Task to complete:
Your output should be the lines below from the one with "Макарони з буряковим соусом" through the one with "Смена постельного белья", copied exactly, pictures excluded.

Listed entries:
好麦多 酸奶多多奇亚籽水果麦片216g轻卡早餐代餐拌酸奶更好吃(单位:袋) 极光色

==

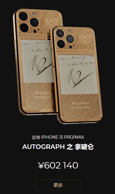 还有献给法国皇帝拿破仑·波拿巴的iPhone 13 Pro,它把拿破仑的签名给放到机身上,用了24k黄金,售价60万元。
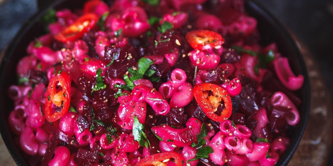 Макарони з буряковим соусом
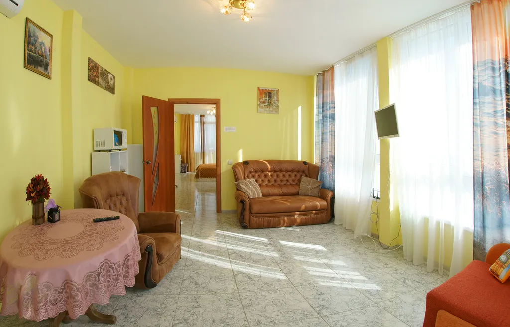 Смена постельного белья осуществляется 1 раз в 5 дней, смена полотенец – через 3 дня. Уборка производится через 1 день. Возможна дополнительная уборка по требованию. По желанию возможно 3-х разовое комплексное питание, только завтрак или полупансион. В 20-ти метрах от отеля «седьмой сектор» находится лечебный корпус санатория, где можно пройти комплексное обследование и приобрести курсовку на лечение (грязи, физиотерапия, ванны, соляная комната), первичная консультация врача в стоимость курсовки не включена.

Written response:
 Макарони з буряковим соусом
 Смена постельного белья осуществляется 1 раз в 5 дней, смена полотенец – через 3 дня. Уборка производится через 1 день. Возможна дополнительная уборка по требованию. По желанию возможно 3-х разовое комплексное питание, только завтрак или полупансион. В 20-ти метрах от отеля «седьмой сектор» находится лечебный корпус санатория, где можно пройти комплексное обследование и приобрести курсовку на лечение (грязи, физиотерапия, ванны, соляная комната), первичная консультация врача в стоимость курсовки не включена.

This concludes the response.